After conversion to Base32 form, dash '-' characters are inserted between groups of 4 characters to aid reading. This representation improves the accuracy of both data entry and verification.

3.1.1. Precision Improvement

Precision improvement is the practice of using a high precision UDF (e.g. 260 bits) calculated from content data that has been validated according to a lower precision UDF (e.g. 120 bits).

This allows a lower precision UDF to be used in a medium such as a business card where space is constrained without compromising subsequent uses.

Applications SHOULD make use of precision improvement wherever possible.

3.2. Type Identifier

A Version Identifier consists of a single byte.

The byte codes have been chosen so that the first character of the Base32 presentation of the UDF provides a mnemonic for its type.
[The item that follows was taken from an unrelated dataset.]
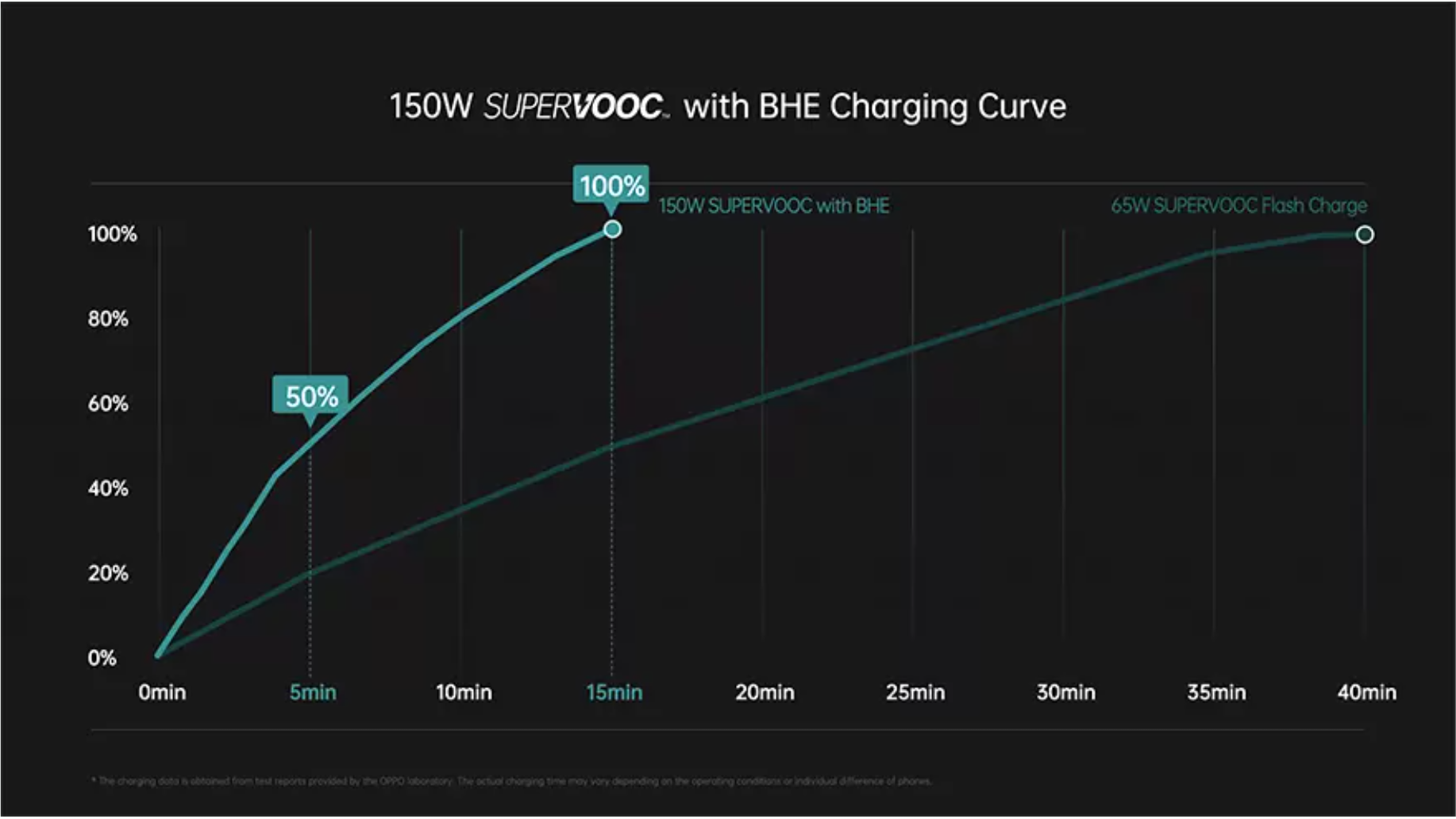 A 150 W-os SUPERVOOC with BHE egy 4500 mAh-s akkumulátort 5 perc alatt 1%-ról 50%-ra, 100%-ra pedig 15 perc alatt tölt fel.1
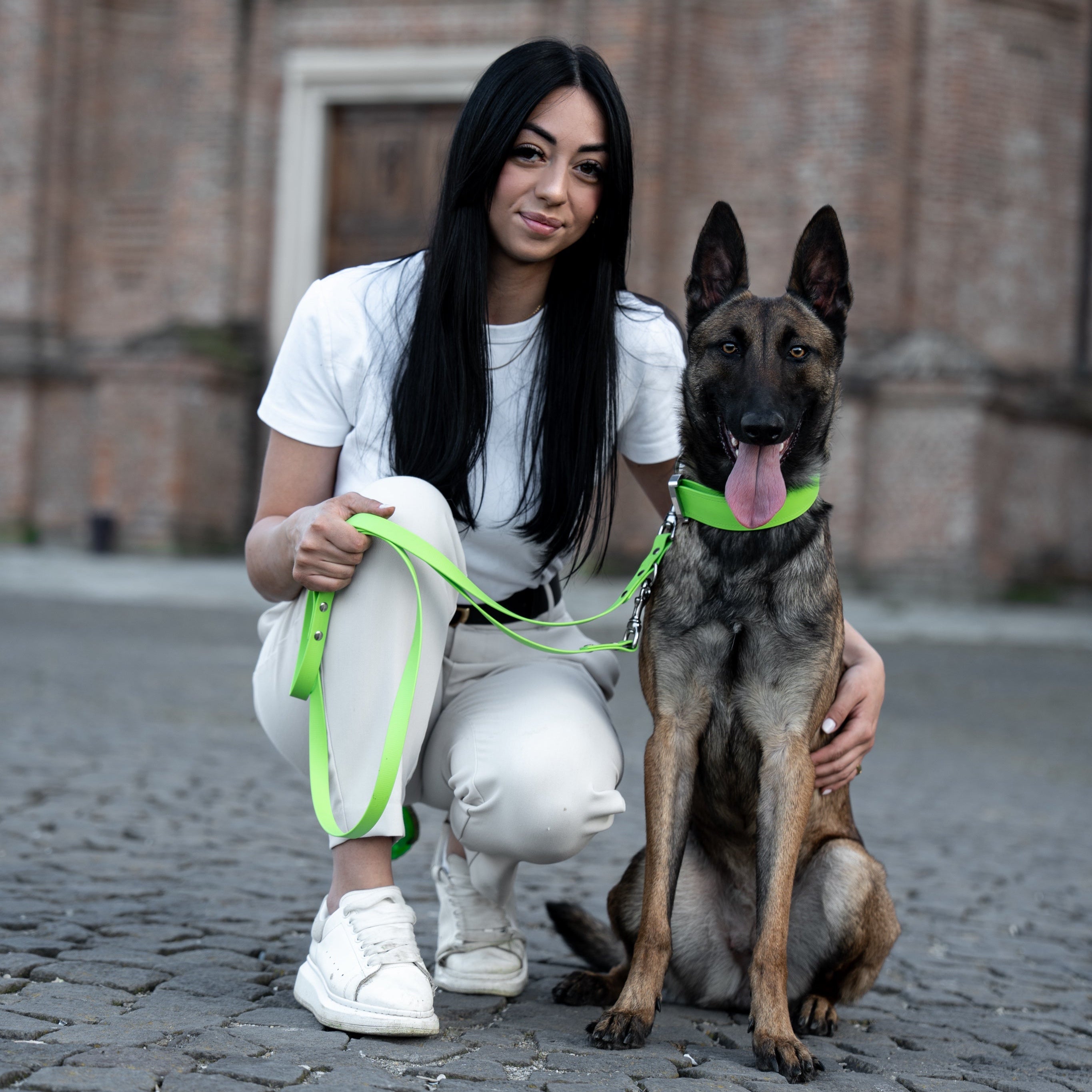 Deshalb müssen ein Halsband und eine Hundeleine also auch funktional sein und den täglichen Anforderungen stand halten. Unsere Produkte sind durch ausgewählte Materialien wie BioThane® oder Neopren wasser- und schmutzabweisend und lassen sich ganz einfach reinigen.

A SHA-2 fingerprint UDF will always have M (for Merkle Damgard) as the initial letter, a SHA-3 fingerprint UDF will always have K (for Keccak) as the initial letter, and so on.

The following version identifiers are specified in this document:

Table 1
Type ID Initial Algorithm
0 A HMAC_SHA_2_512
1 A HMAC_SHA_3_512
32 E HKDF_AES_512
33 E HKDF_AES_512
80 K SHA_3_512
81 K SHA_3_512 (20 compressed)
82 K SHA_3_512 (30 compressed)
83 K SHA_3_512 (40 compressed)
84 K SHA_3_512 (50 compressed)
96 M SHA_2_512
97 M SHA_2_512 (20 compressed)
98 M SHA_2_512 (30 compressed)
99 M SHA_2_512 (40 compressed)
100 M SHA_2_512 (50 compressed)
104 N Nonce Data
112 O OID distinguished sequence (DER encoded)
144 S Shamir Secret Share
200 Z Secret seed

3.3. Content Type Identifier

A secure cryptographic digest algorithm provides a unique digest value that is probabilistically unique for a particular byte sequence but does not fix the context in which a byte sequence is interpreted. While such ambiguity may be tolerated in a fingerprint format designed for a single specific field of use, it is not acceptable in a general-purpose format.

For example, the SSH and OpenPGP applications both make use of fingerprints as identifiers for the public keys used but using different digest algorithms and data formats for representing the public key data. While no such vulnerability has been demonstrated to date, it is certainly conceivable that a crafty attacker might construct an SSH key in such a fashion that OpenPGP interprets the data in an insecure fashion. If the number of applications making use of fingerprint format that permits such substitutions is sufficiently large, the probability of a semantic substitution vulnerability being possible becomes unacceptably large.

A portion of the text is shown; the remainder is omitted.